Gotta be sorely impressed by Pitt's prideful Panthers, winning four in a row in Manhattan for the Big East Conference championship. Four in a row? I'm impressed when Pitt hits four free throws in a row.
Gotta be sorely impressed when Georgia's gorgeous Bulldogs do Pitt one better, winning four times in three days for the Southeastern Conference title in tornado-ravaged Atlanta, winning as many times in little more than 30 desperate hours as they had won in the conference all winter.
Gotta be sorely impressed when the Houston Rockets win 22 consecutive NBA frays including a victory Sunday against the L.A. Kobes, 10 of those since Ming went "Yow!" in the echo of his broken ankle.
Gotta be sorely impressed, undoubtedly, but it's not like any or all of that should be compared to the Furthering Adventures of Eldrick Woods, whose virtual destruction of an entire sport's competitive foundation merely accelerated over the weekend.
If you've been too hung-up on bracketology and Rockets science to have noticed, Tiger's perfect flight through 2008 reached a new cruising altitude Sunday, when he rolled a 25-footer down a sloping 18th green at Bay Hill, crouched suggestively as it broke right, then whirled and threw his hat in triumph as it disappeared for a one-stroke victory against Bart Bryant in the Arnold Palmer Invitational.

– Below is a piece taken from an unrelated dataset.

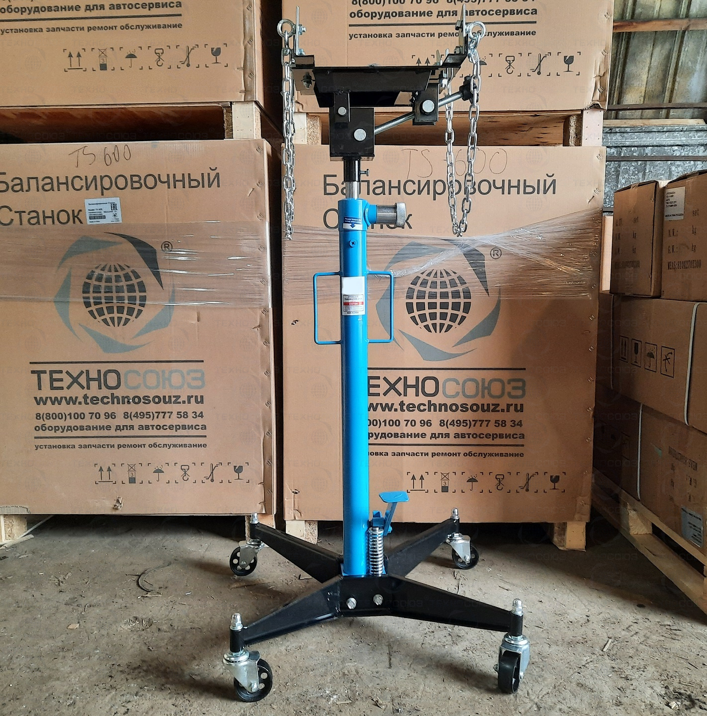 Гидравлическая. Профессиональная. Оборудована страховочной цепью, для предотвращения падения агрегата. Регулировка в 3 плоскостях: продольно, по наклону, по оси вращения и фиксацией в 2 плоскостях. Применяется при монтаже и демонтаже узлов трансмиссий, тормозных суппортов и других агрегатов автомобиля, или технического обслуживания. Стойка трансмиссионная является мобильным подъемным механизмом. Диаметр штока 30 мм.  г/п 500 кг. Подъём 1200÷2040 мм.

Crouching Tiger Hat's a Flyin'.
So here's the accounting. He has won all three PGA events he has entered in '08, five in a row counting his final two events of 2007, six in a row if you count the Dubai Desert Classic, seven of his past eight, eight of his previous nine if you count the unofficial, limited-field Target World Challenge, and 16 of his past 25 tournaments, not that anyone's accounting.
There's a word for this, the same word Arnold Palmer let slip from the margins of that same 18th green Sunday, from the wise and soulful center of the tournament named in his honor:
"Unbelievable."
Woods has won 64 PGA tournaments, or as many by age 32 as Ben Hogan won by age 46. Only Jack Nicklaus (73) and Sam Snead (82) have won more, and those numbers ought to be eclipsed by, what, Halloween?
"What he's doing right now, I mean, you can't even hardly fathom it," Bryant said after becoming the closest human to Woods in stroke-play this year. "You can't explain it. It's just incredible. I think true golf fans who understand the game, understand the magnitude of it. I think the golf public in general doesn't get it, to be honest."
I appreciate that honesty, but as neither a true golf fan nor part of the golf public in general, and in fact someone who would be more closely described as part of the non-golf public or even a false golf fan, I still think I get it. I think the people who make the needle jump on ratings every time he enters a tournament and every time he haunts another Sunday get it.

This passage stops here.